==== MATERIAL SUPPLIED

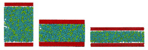 Fig. 1a) The simulated films of random copolymer chains confined between two crystalline walls. Three different values of the film thickness were used in the simulations. For thinner films, larger lateral dimensions were used so as to maintain a constant density. Distinct colors denote different bead types.
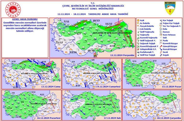 Meteoroloji Genel Müdürlüğü tarafından yapılan son tahminlere göre; Yurdun genelinin parçalı ve çok bulutlu, Marmara’nın doğusu, İç Anadolu, Karadeniz, Doğu Anadolu, Güneydoğu Anadolu’nun doğusu ile Kütahya, Osmaniye, Hatay, Gaziantep ve Kilis çevreleri aralıklı yağışlı geçeceği tahmin ediliyor. Yağışların genellikle yağmur ve sağanak, Batı ve Doğu Karadeniz’in iç kesimleri, Doğu Anadolu’nun kuzey ve doğusu ile Kayseri, Sivas ve Çankırı’nın yüksek kesimlerinde karla karışık yağmur ve kar şeklinde olması bekleniyor. Yağışların, Batı ve Doğu Karadeniz ile Ordu, Hatay, Ağrı, Iğdır, Van ve Hakkari çevrelerinde kuvvetli olması bekleniyor.
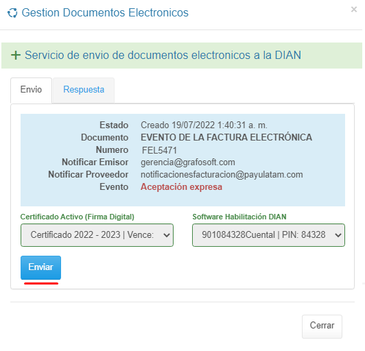 1. Luego de Recepcionar la Factura, haz clic en el Lápiz ubicado en la columna Evento Acepta.
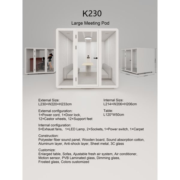 Ideal for offices, open-plan workspaces, educational institutions, and any environment requiring private meeting spaces for discussions, team collaborations, or group activities without disturbing surrounding areas.
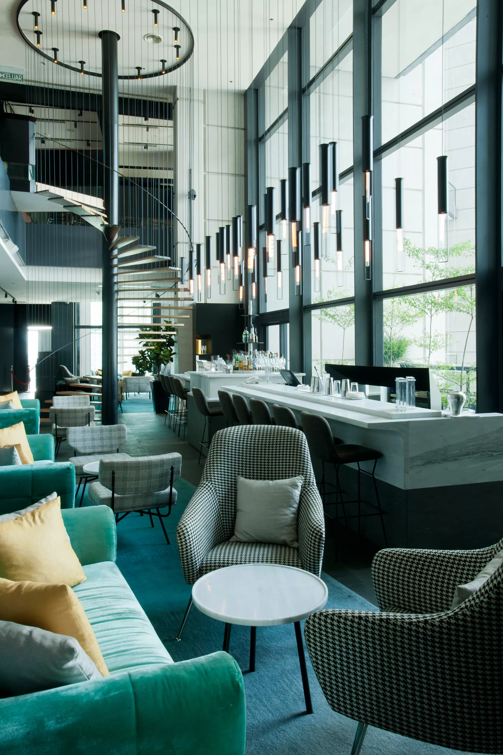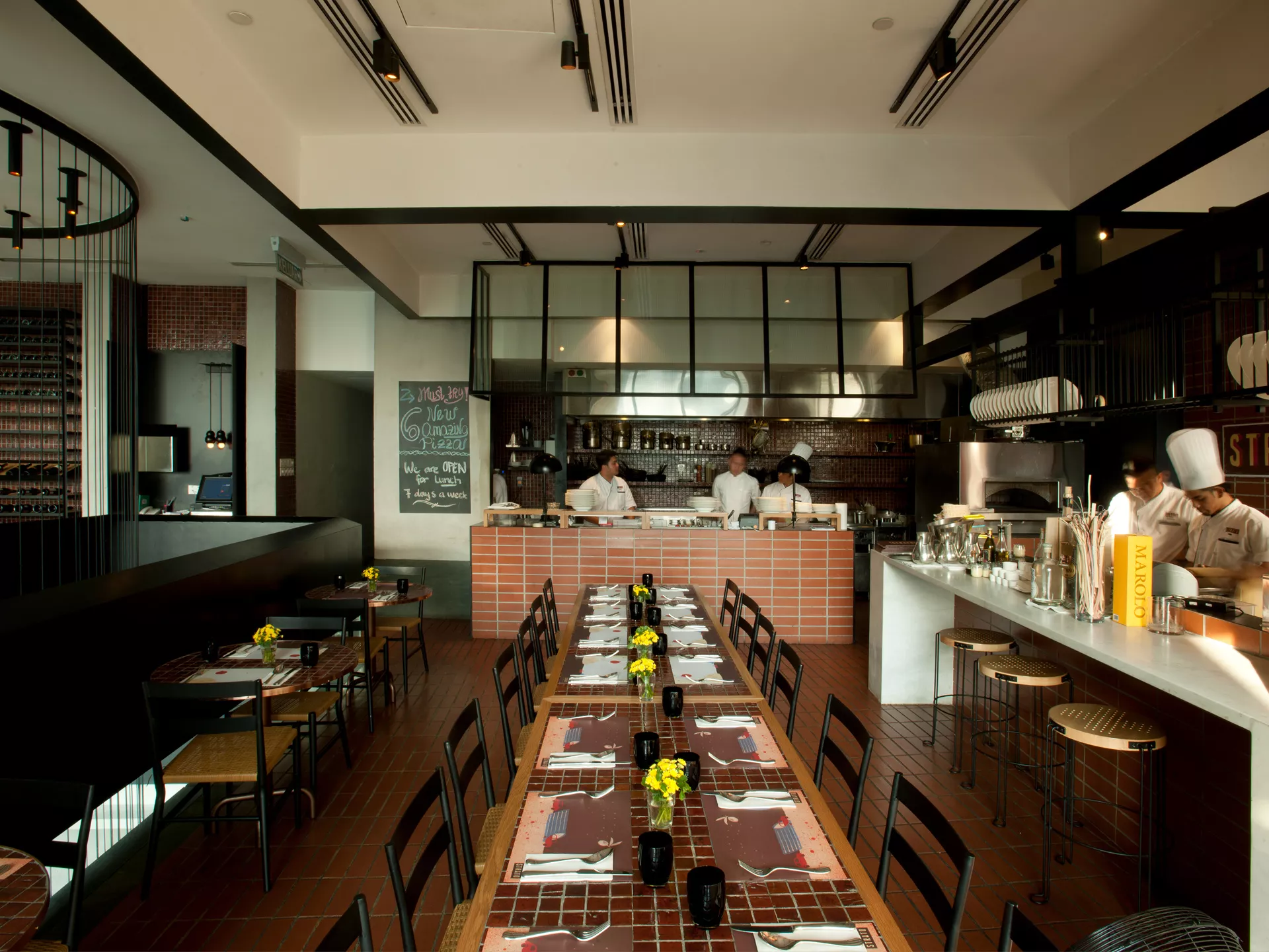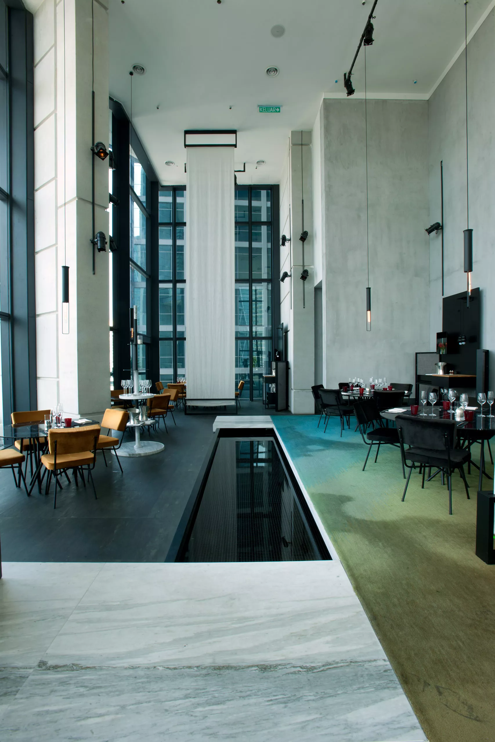 Nestled atop the iconic Norman Foster building, Strato at Troika Sky Dining on Level 23 redefines elevated dining with a bold, double-volume interior design concept that unfolds as a continuous spatial journey. Designed as a series of intimate corners, bridges, and gantry-like walkways, the restaurant offers layered dining experiences within a fluid, open volume.
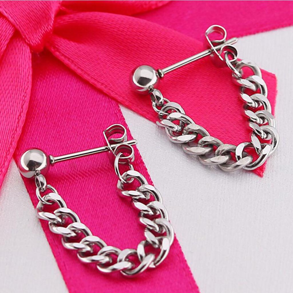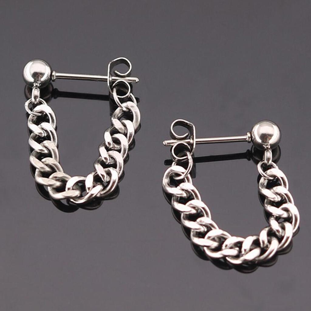 Hip Hop Stainless Steel Tassl Chain Dangle Earrings, Great Gift for Friend, Lovers, Family, etc.
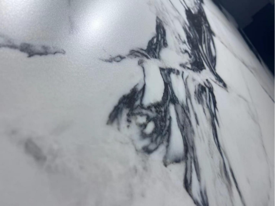 以不同风格莱姆石等天然理石为设计蓝本,精准捕捉天然石材历经岁月沉淀的纹理质感。依托先进数码喷墨设备与功能墨水,通过3D打印技术实现纹理的层层堆叠,叠加柔抛工艺处理,形成8度-10度的柔润光感,赋予产品温润如玉的触感,营造出不张扬却自带高级感的空间氛围,尽显低调奢华的生活格调。
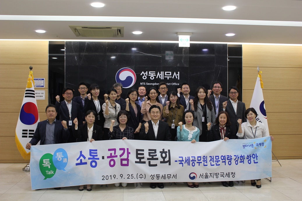 서울지방국세청(청장 김명준)은 9.25.(수) 오후 3시부터 성동세무서에서 일선 현장의 문제를 함께 고민하고 국세행정 발전 방안을 모색하기 위해「일선 현장과의 소통ㆍ공감 토론회」를 개최하였습니다.
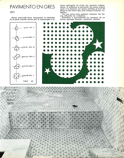 Con una única pieza podemos componer seis formas diferentes de nubes. Girándolas se aprovechan sus asimetrías y aparecen dieciséis nubecitas distintas que cierran o abren el cielo nublado y estrellado. La típica trama ortogonal de juntas de las baldosas desaparece y se conforma un dibujo orgánico que da la impresión de no tener módulo alguno.

========

Keep every word of the lines above unchanged in the copy, and omit the pictures.

ANSWER BOX
 Fig. 1a) The simulated films of random copolymer chains confined between two crystalline walls. Three different values of the film thickness were used in the simulations. For thinner films, larger lateral dimensions were used so as to maintain a constant density. Distinct colors denote different bead types.
 Meteoroloji Genel Müdürlüğü tarafından yapılan son tahminlere göre; Yurdun genelinin parçalı ve çok bulutlu, Marmara’nın doğusu, İç Anadolu, Karadeniz, Doğu Anadolu, Güneydoğu Anadolu’nun doğusu ile Kütahya, Osmaniye, Hatay, Gaziantep ve Kilis çevreleri aralıklı yağışlı geçeceği tahmin ediliyor. Yağışların genellikle yağmur ve sağanak, Batı ve Doğu Karadeniz’in iç kesimleri, Doğu Anadolu’nun kuzey ve doğusu ile Kayseri, Sivas ve Çankırı’nın yüksek kesimlerinde karla karışık yağmur ve kar şeklinde olması bekleniyor. Yağışların, Batı ve Doğu Karadeniz ile Ordu, Hatay, Ağrı, Iğdır, Van ve Hakkari çevrelerinde kuvvetli olması bekleniyor.
 1. Luego de Recepcionar la Factura, haz clic en el Lápiz ubicado en la columna Evento Acepta.
 Ideal for offices, open-plan workspaces, educational institutions, and any environment requiring private meeting spaces for discussions, team collaborations, or group activities without disturbing surrounding areas.
 Nestled atop the iconic Norman Foster building, Strato at Troika Sky Dining on Level 23 redefines elevated dining with a bold, double-volume interior design concept that unfolds as a continuous spatial journey. Designed as a series of intimate corners, bridges, and gantry-like walkways, the restaurant offers layered dining experiences within a fluid, open volume.
 Hip Hop Stainless Steel Tassl Chain Dangle Earrings, Great Gift for Friend, Lovers, Family, etc.
 以不同风格莱姆石等天然理石为设计蓝本,精准捕捉天然石材历经岁月沉淀的纹理质感。依托先进数码喷墨设备与功能墨水,通过3D打印技术实现纹理的层层堆叠,叠加柔抛工艺处理,形成8度-10度的柔润光感,赋予产品温润如玉的触感,营造出不张扬却自带高级感的空间氛围,尽显低调奢华的生活格调。
 서울지방국세청(청장 김명준)은 9.25.(수) 오후 3시부터 성동세무서에서 일선 현장의 문제를 함께 고민하고 국세행정 발전 방안을 모색하기 위해「일선 현장과의 소통ㆍ공감 토론회」를 개최하였습니다.
 Con una única pieza podemos componer seis formas diferentes de nubes. Girándolas se aprovechan sus asimetrías y aparecen dieciséis nubecitas distintas que cierran o abren el cielo nublado y estrellado. La típica trama ortogonal de juntas de las baldosas desaparece y se conforma un dibujo orgánico que da la impresión de no tener módulo alguno.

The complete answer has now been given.